YOUR OBJECTIVE:
Would you retype exactly the lines below, from the one containing "Crux DSW Comp, de" through the end of the entries, both ends included, but not the pictures?

EXERCISE DATA:
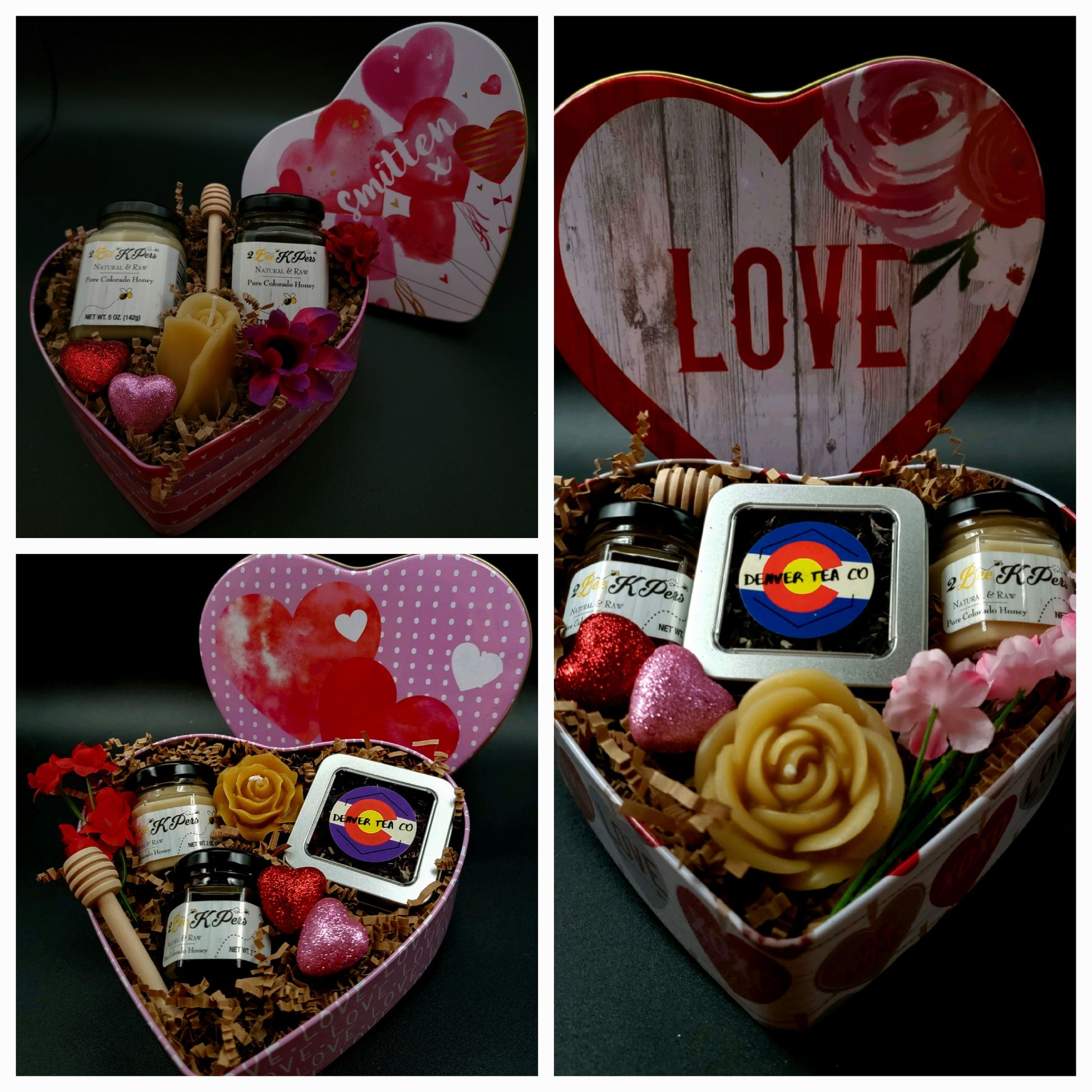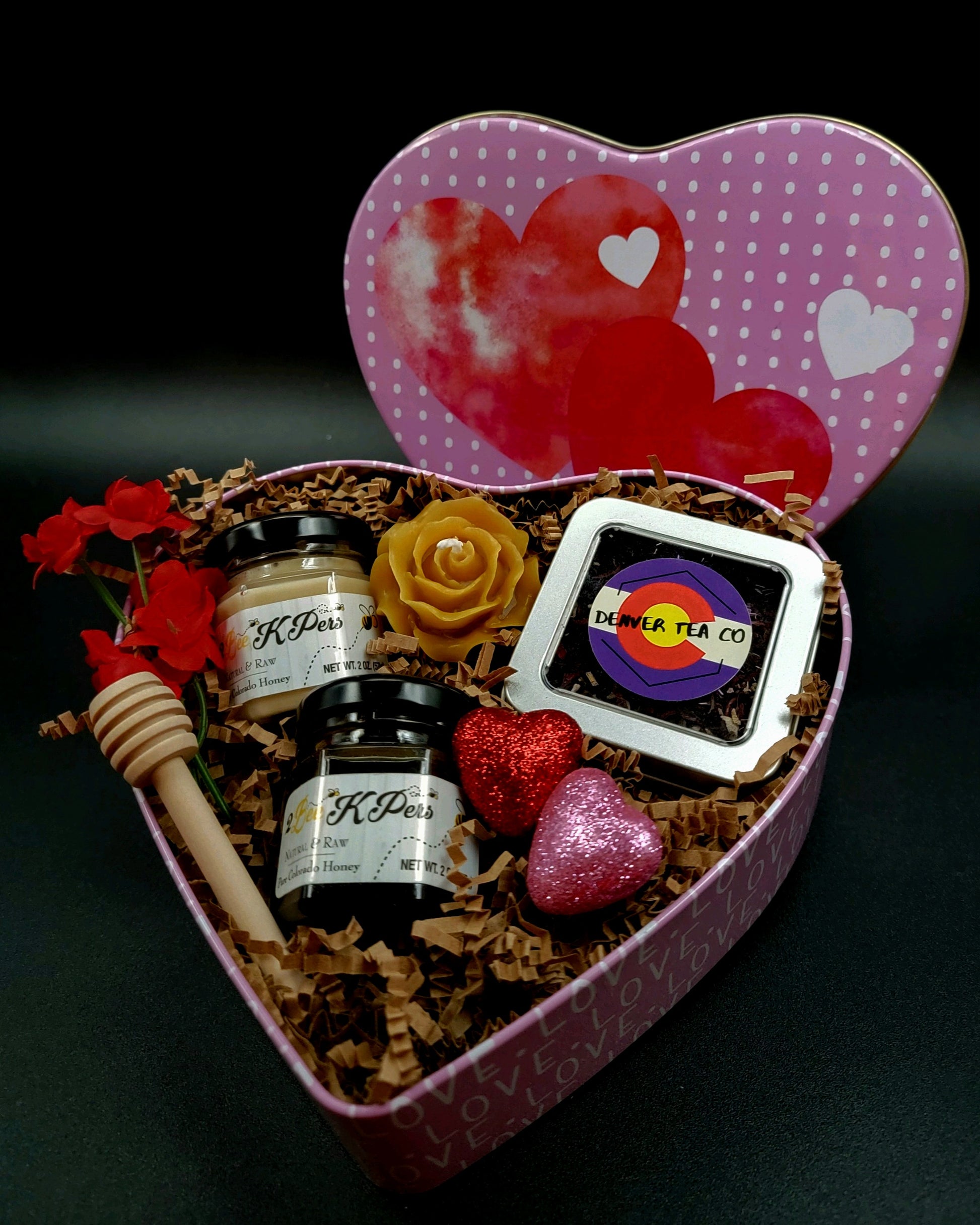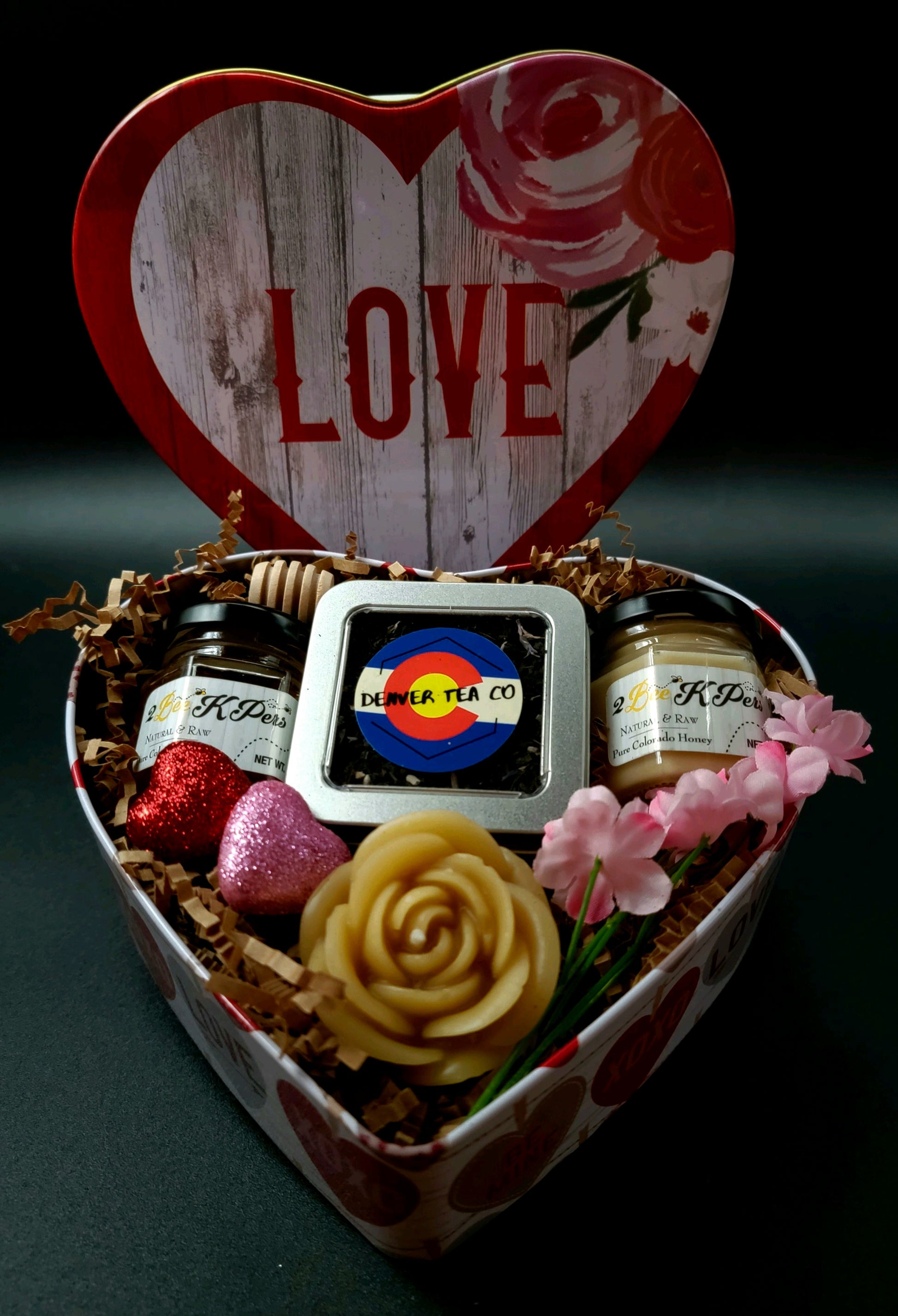 A heart-shaped tin filled with a variety of honey jars, beeswax candles, and loose-leaf tea.
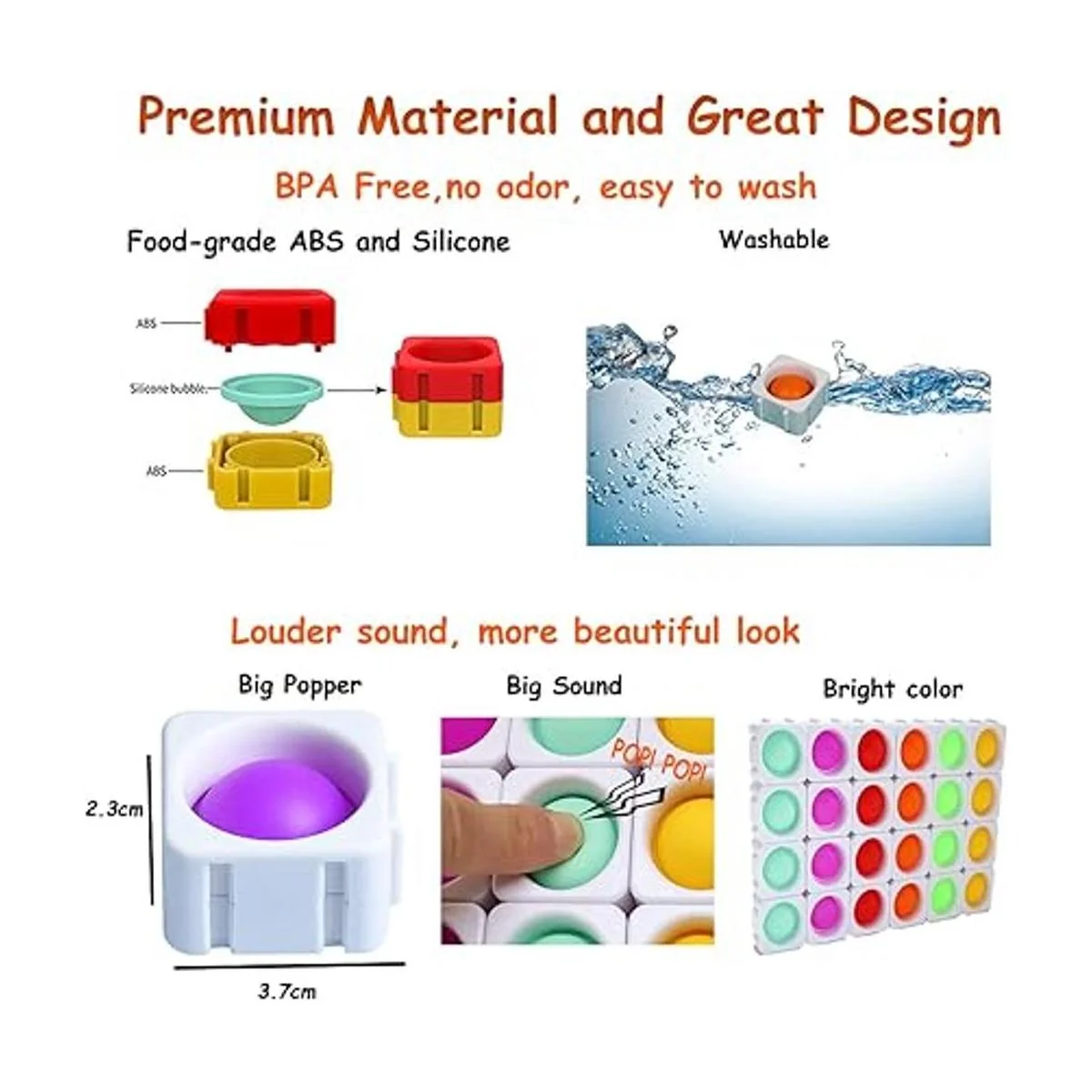 Alivio del estrés Presiona las burbujas hacia abajo para hacer un gran sonido pop. Los sonidos Pop, Pop, Pop pueden traer alegría y relajación a niños pequeños, niños, niñas o TDAH.
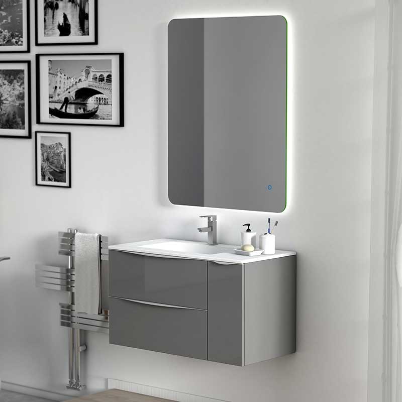 Développez Meuble suspendu de salle de bains modèle Landes avec 2 tiroirs et un grand lavabo de comptoir à Surface Solide modèle d'Ambre. Miroir à led optionnel.
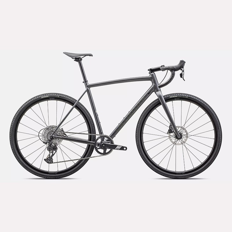 Crux DSW Comp, de couleur gris et de marque Specialized, très léger et maniable. Ce Vélo de Cyclocross ultra léger et dynamique.
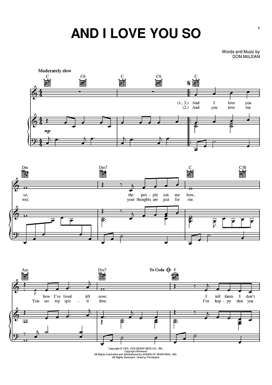 Digital Sheet Music for And I Love You So by Elvis Presley, Don McLean, Perry Como, Helen Reddy, Shirley Bassey scored for Piano/Vocal/Chords; id:379256

WRITTEN SOLUTION:
 Crux DSW Comp, de couleur gris et de marque Specialized, très léger et maniable. Ce Vélo de Cyclocross ultra léger et dynamique.
 Digital Sheet Music for And I Love You So by Elvis Presley, Don McLean, Perry Como, Helen Reddy, Shirley Bassey scored for Piano/Vocal/Chords; id:379256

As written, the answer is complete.